#### BRIEF
Your copy of the entries below should hold exactly the lines from the one containing "如下图所示,如果要访问的数据在 6 号页中,则将" to the one containing "HIAARO 0.56in Thick", inclusive, and no pictures.

#### DATASET RECORDS
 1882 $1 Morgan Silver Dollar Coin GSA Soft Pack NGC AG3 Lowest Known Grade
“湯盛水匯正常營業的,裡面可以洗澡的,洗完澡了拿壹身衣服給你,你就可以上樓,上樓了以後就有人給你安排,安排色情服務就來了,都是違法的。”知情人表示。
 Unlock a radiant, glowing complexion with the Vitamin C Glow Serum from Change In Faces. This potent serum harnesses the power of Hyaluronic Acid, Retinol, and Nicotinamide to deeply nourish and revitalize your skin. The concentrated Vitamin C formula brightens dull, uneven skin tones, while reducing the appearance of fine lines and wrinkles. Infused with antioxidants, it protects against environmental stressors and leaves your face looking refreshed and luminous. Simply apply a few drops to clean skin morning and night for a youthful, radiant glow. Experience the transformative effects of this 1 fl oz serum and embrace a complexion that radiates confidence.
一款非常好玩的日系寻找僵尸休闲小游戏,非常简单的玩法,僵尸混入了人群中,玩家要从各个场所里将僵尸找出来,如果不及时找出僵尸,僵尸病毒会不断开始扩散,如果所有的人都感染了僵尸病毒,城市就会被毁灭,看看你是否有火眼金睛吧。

...

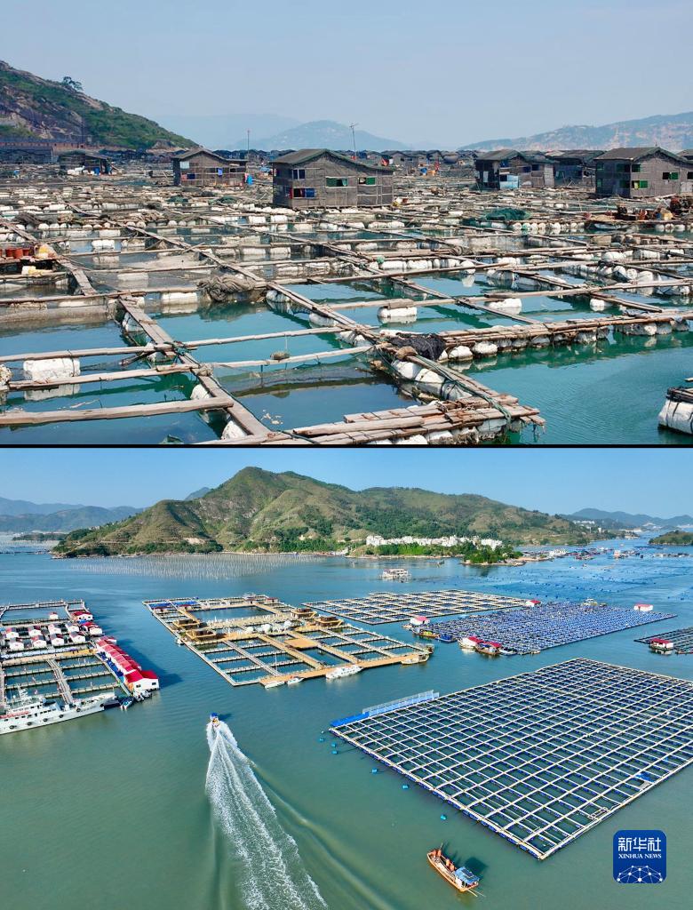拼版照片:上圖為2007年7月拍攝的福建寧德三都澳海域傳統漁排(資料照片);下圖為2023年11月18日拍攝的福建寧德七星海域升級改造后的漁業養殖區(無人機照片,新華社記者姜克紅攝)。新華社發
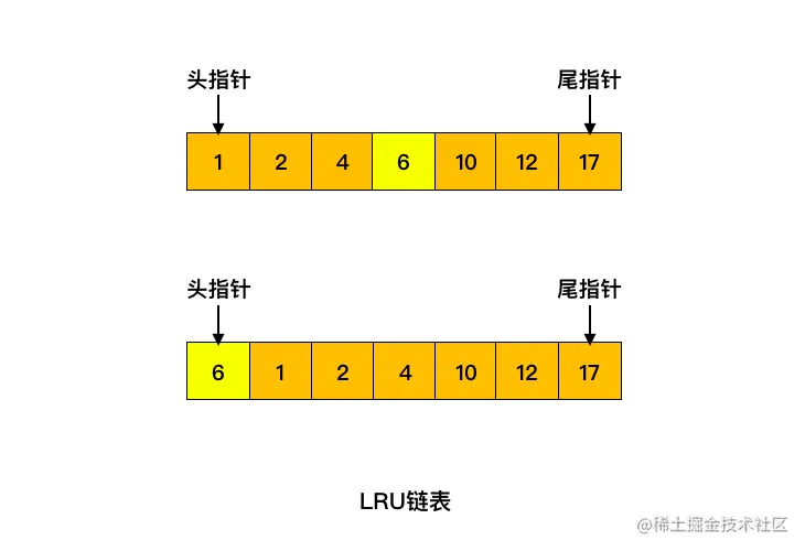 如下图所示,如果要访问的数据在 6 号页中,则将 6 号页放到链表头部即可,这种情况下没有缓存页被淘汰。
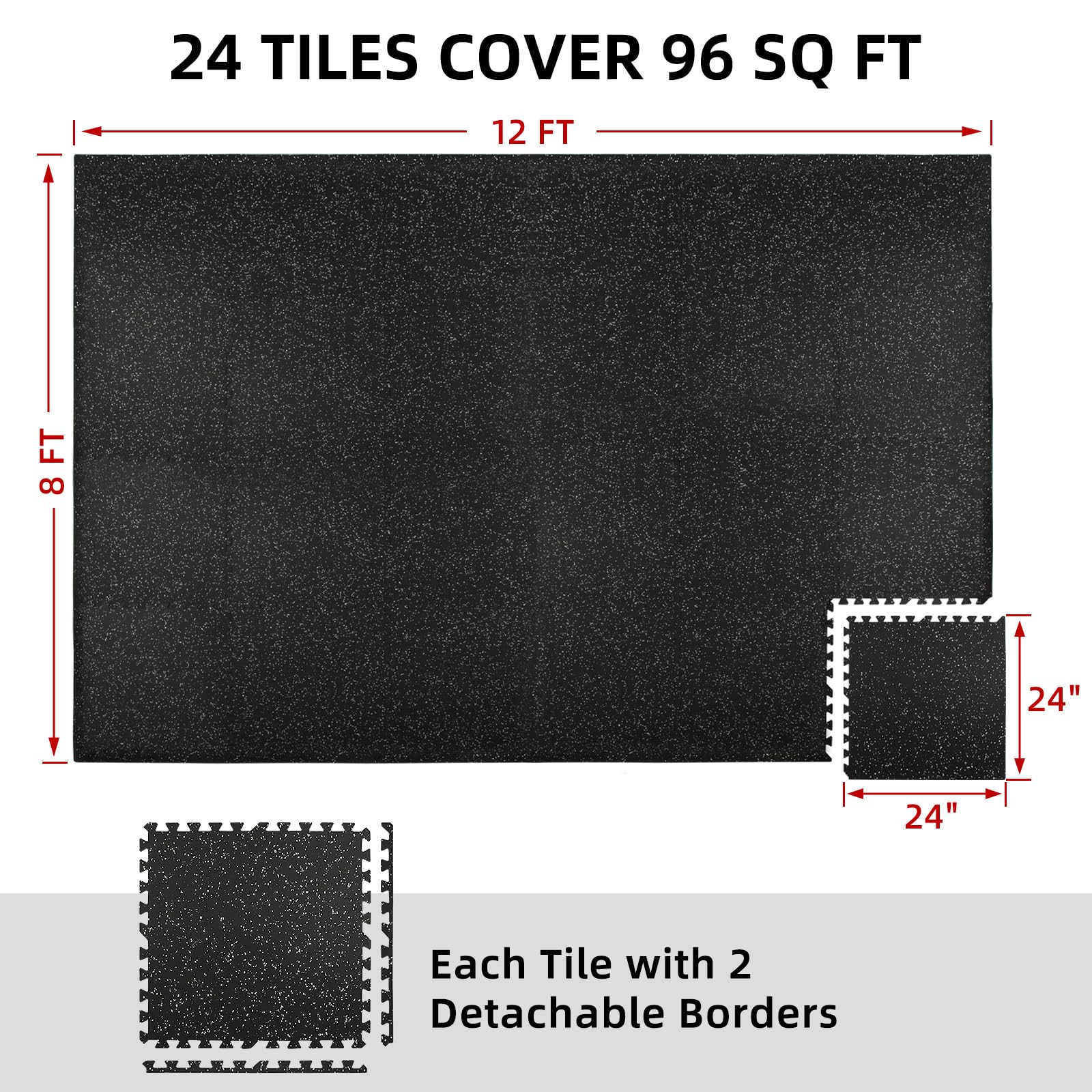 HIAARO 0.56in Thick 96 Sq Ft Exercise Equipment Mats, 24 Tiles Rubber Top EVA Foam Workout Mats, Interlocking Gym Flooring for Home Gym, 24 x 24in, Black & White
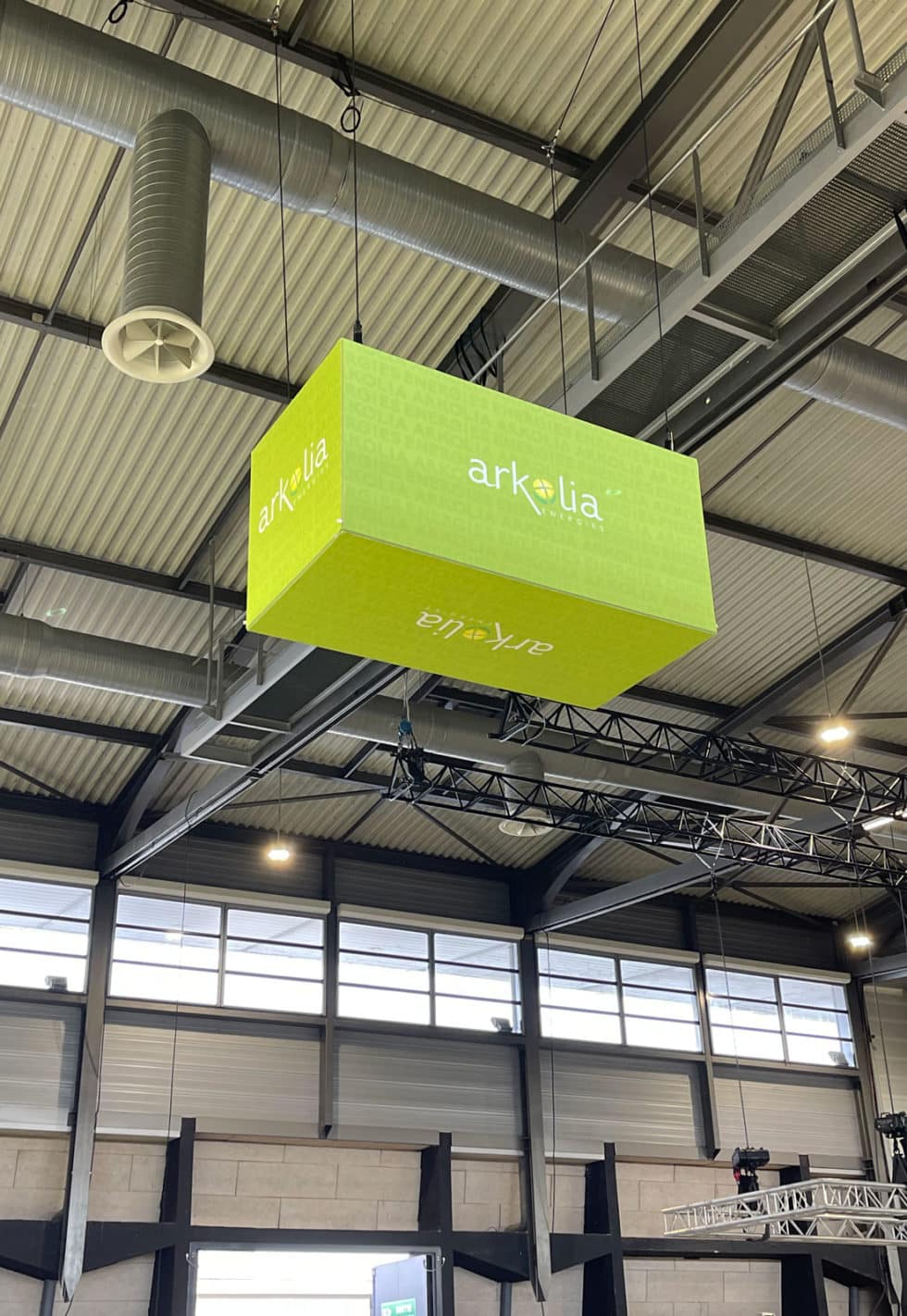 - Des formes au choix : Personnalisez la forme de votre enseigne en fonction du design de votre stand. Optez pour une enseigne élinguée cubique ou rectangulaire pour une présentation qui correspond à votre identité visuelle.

#### SOLVED EXERCISE
 如下图所示,如果要访问的数据在 6 号页中,则将 6 号页放到链表头部即可,这种情况下没有缓存页被淘汰。
 HIAARO 0.56in Thick 96 Sq Ft Exercise Equipment Mats, 24 Tiles Rubber Top EVA Foam Workout Mats, Interlocking Gym Flooring for Home Gym, 24 x 24in, Black & White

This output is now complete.